Уже ночью прибегает тетя Даша, говорит: «Покажи, куда спрятала комсомольский билет». Я достаю его из угла, под посудой лежал. Она его хватает и в печку: «Ты что, с ума сошла, какое подполье, повесят всех в два счета». Слух о подполье разошелся по деревне, она узнала и пришла. Билеты тогда были тонкие, из дешевой бумаги, билет вспыхнул и сгорел за секунду. Я в слезы, жалко. Провожая тетю во дворе, обратила внимание, что уж больно сильно бьют пушки, даже стекла в доме дребезжат, такого раньше не было.
Утром встала еще засветло, смотрю в окошко, тишина, никто из деревенских не показывается, а как же эвакуация. Прибегает Женька, плачет от радости: «Зинка, наши Воронеж отбили, немца гонят, не будет эвакуации». Сидим обнявшись, плачем, значит, и не повесят нас подпольщиков, будем жить.
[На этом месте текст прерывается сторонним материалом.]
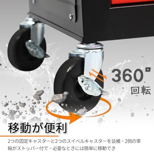 【安全設計で安心】ツールキャビネットはハンドルも付きで、握りしやすく、さらに使いやすいです。引き出しはベアリングレールを使用し、開閉をスムーズ、耐久性が高い。鍵付きでより良いプライバシーと保護性があり、様々な部品を安心で保管することができます。
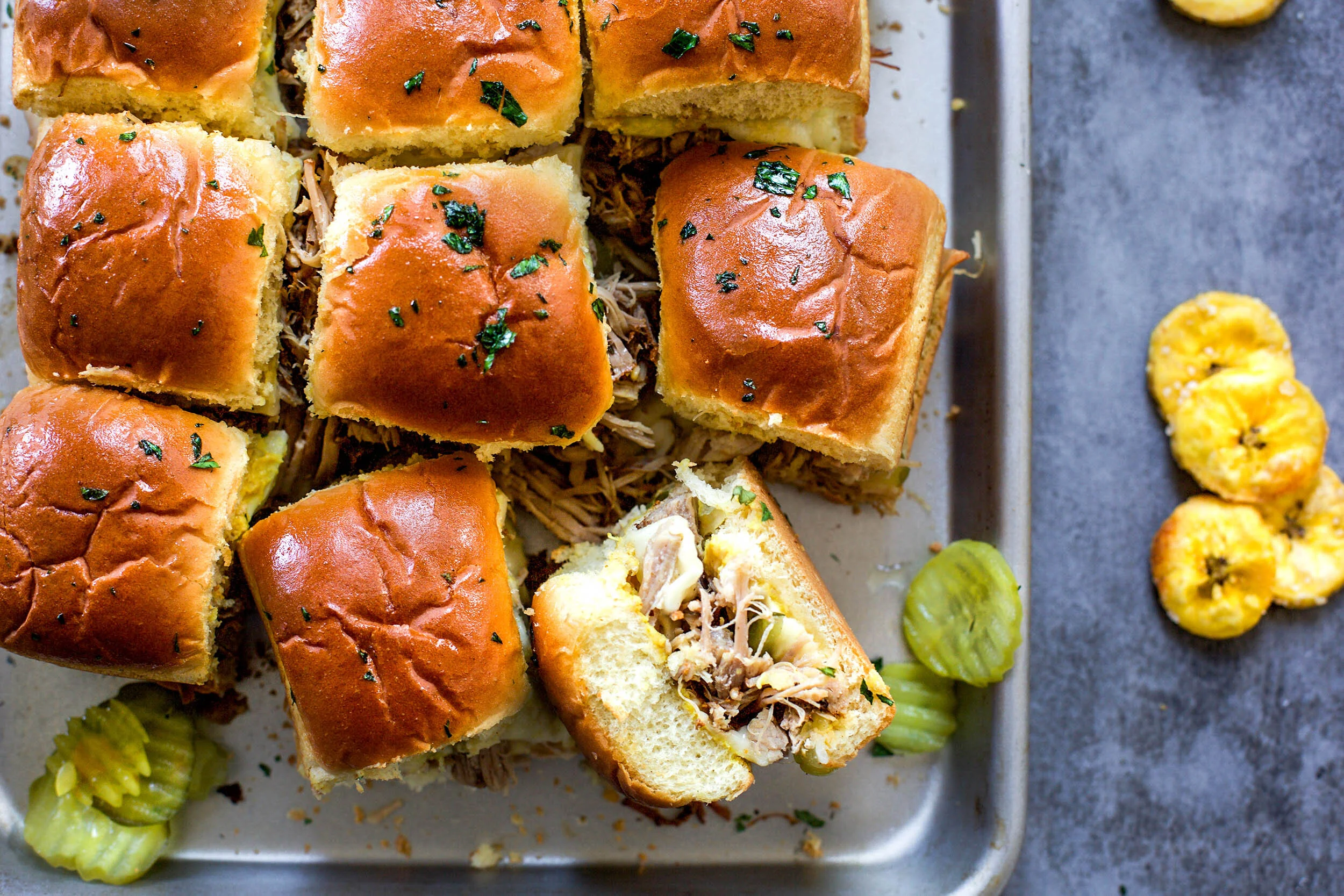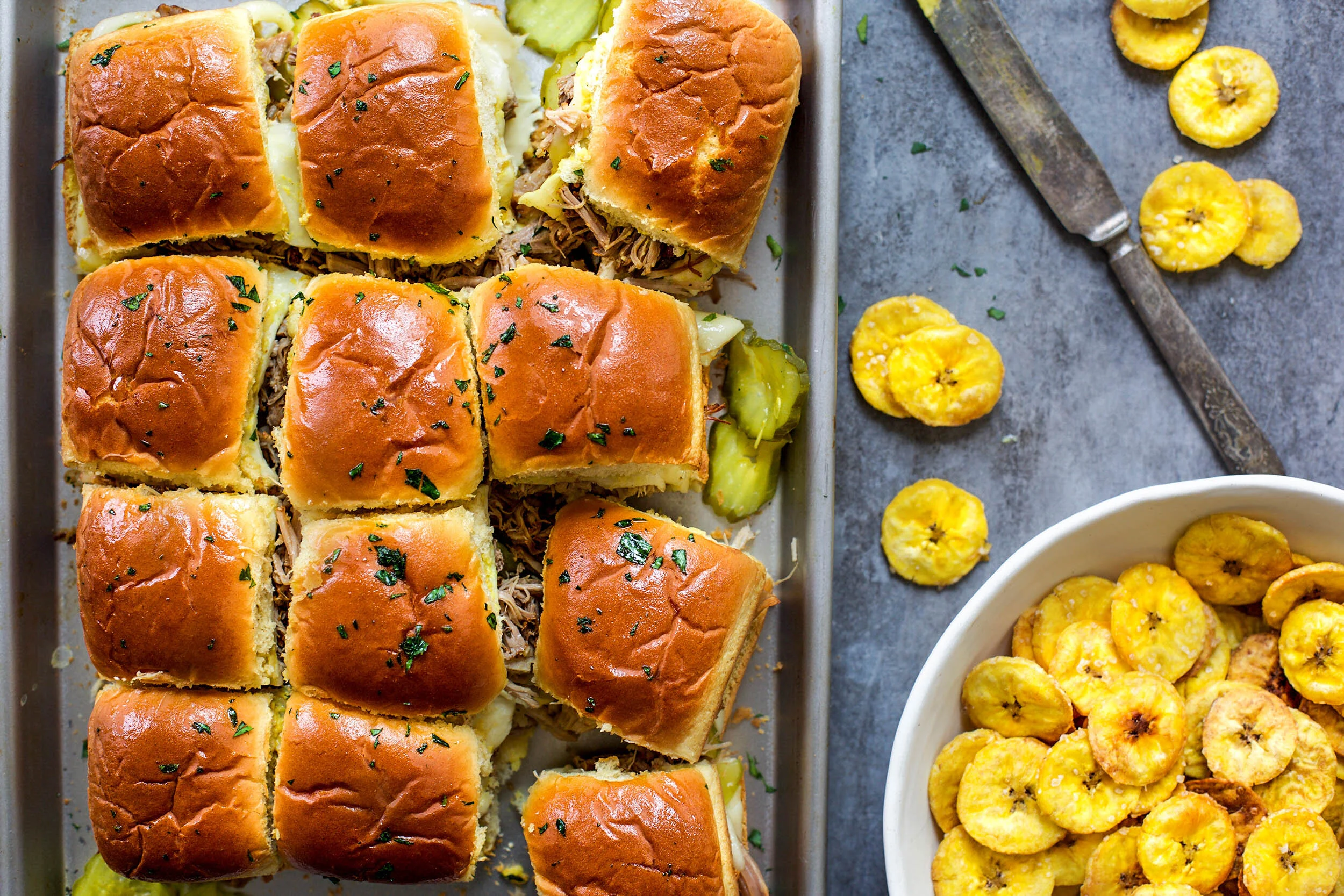 Speaking of a no-brainer meal idea, I am not even kidding you when I say these sandwiches are 100% addicting and also super easy to make. Tender roasted shredded pork, melty cheese, mustard, and tangy pickles get sandwiched between toasted dinner rolls for the ultimate sandwich, and each bite is better than the last. I bake some plantain chips to serve on the side to complete the meal. My family never can get enough of this recipe. These sliders are not only great for weeknight cooking for the whole family, but they are also great for entertaining a small group of family or friends. I promise you that they will be a crowd pleaser every single time.

А билет мне потом восстановили, я сказала, что потеряла его во время подготовки к подпольной работе, поверили.
Председатель
Отец наш, Дмитрий Иванович Токарев, был большевиком с первых дней революции, громил беляков не за страх, а за совесть. Ходила молва о его непреклонной вере в победу мировой революции и беззаветной храбрости. Революция победила. Образование у него было 7 классов, по тем временам наивысшее. Нужно было строить колхозы. Кто же, кроме моего отца, может это дело поднять? Его назначают председателем, дают наган, хорошего коня и бричку (так мы называли одноосную легкую телегу).
Как шли дела в колхозе, я не знаю, была мала совсем. Но когда на партийном бюро в 1932 году распределяли, кто к каким кулакам пойдет их раскулачивать (по-простому — изымать лошадей, коров, зерно и все сельхозорудия), отец выбрал свою тещу, Глафиру Петровну Кольцову. Она была из рода помещиков, до 1917 года работало на них в полях ежедневно более 100 батраков. В деревне у их семьи был огромный дом с колоннами, десятки строений: от амбаров до мастерских и конюшен.
Как получилось, что моя мать вышла замуж за первого большевика наших мест, мне не рассказывали. Но я думаю, что теща с родней хотели поиметь от такого брака прямую выгоду. Как же они ошибались.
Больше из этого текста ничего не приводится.